------ Records for this task

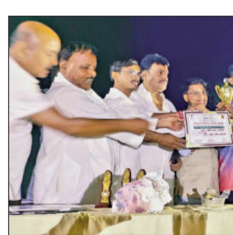
खिलाड़ियों को पुरस्कृत करते अतिथि व अन्य।
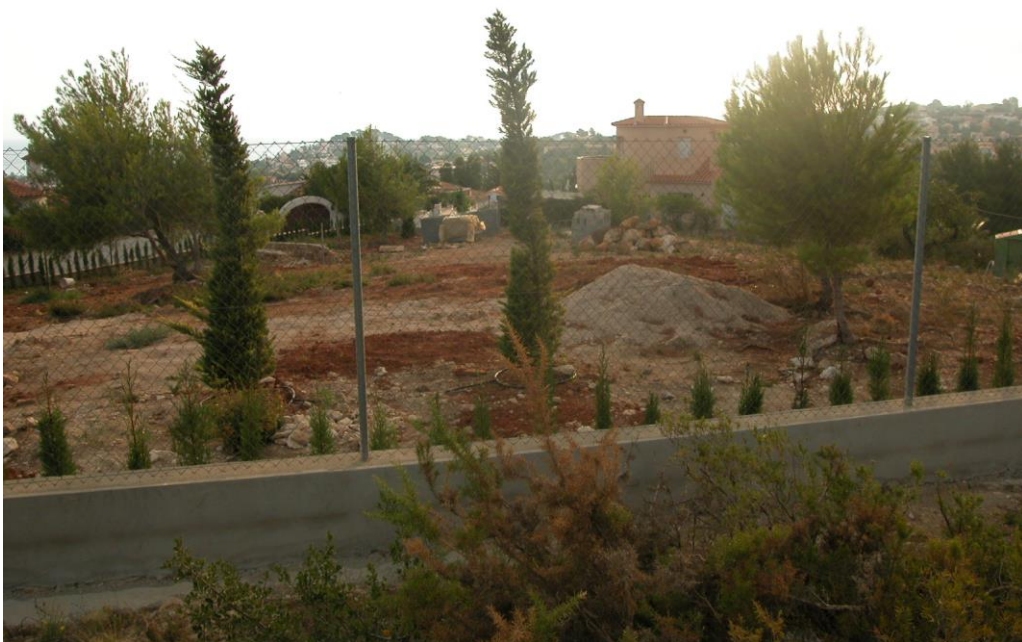
FOTO 8.- ERMITA DE SANT JOAN. ENTORNO RECIENTEMENTE DEGRADADO.
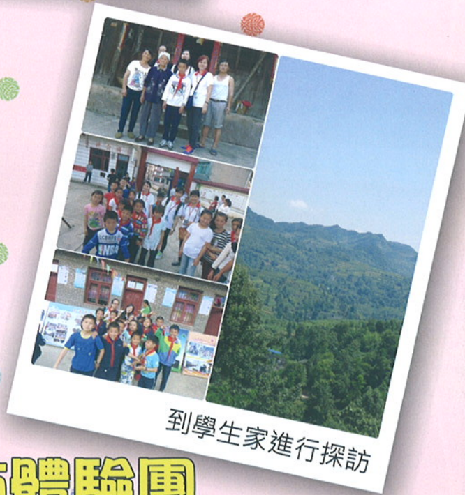
到學生家進行探訪

每年的暑假，澳門紅十字會都會組織本澳市民、學生、義工及青少年團團員到內地援建的博愛學校探訪交流。今年的目的地—貴州省銅仁市石阡縣永和村新濠博亞澳門紅十字博愛學校及舊校永和小學，活動目的是讓本澳居民認識澳門紅會的內地建校計劃，瞭解貧困地區的基礎教育狀況，考察紅會在內地的援建項目等。
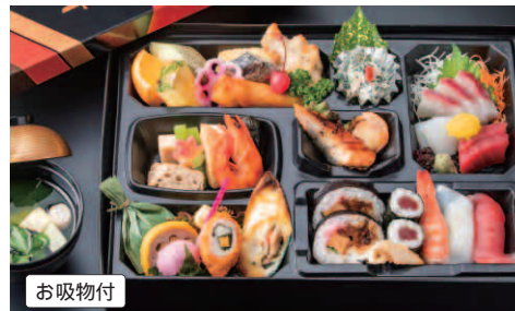
83 幕の内弁当 (縦 / 27 cm 横 / 37.5 cm) 本体価格 2,500円(税別) 2,700円(税込)
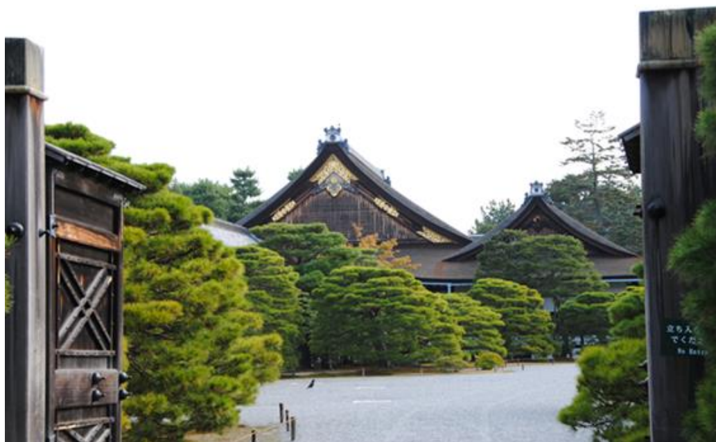
Рис. 1. Сосны в саду императорского дворца, Киото
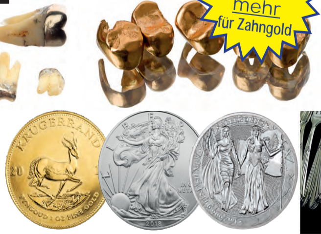
Ankauf von Münzen

GOLD SCHMUCK ANKAUF bis zu 128 € pro Gramm

------------

Any pictures are to be skipped, and the lines from the beginning of the entries through the line with "每年的暑假，澳門紅十字會都會" copied exactly.

खिलाड़ियों को पुरस्कृत करते अतिथि व अन्य।
FOTO 8.- ERMITA DE SANT JOAN. ENTORNO RECIENTEMENTE DEGRADADO.
到學生家進行探訪

每年的暑假，澳門紅十字會都會組織本澳市民、學生、義工及青少年團團員到內地援建的博愛學校探訪交流。今年的目的地—貴州省銅仁市石阡縣永和村新濠博亞澳門紅十字博愛學校及舊校永和小學，活動目的是讓本澳居民認識澳門紅會的內地建校計劃，瞭解貧困地區的基礎教育狀況，考察紅會在內地的援建項目等。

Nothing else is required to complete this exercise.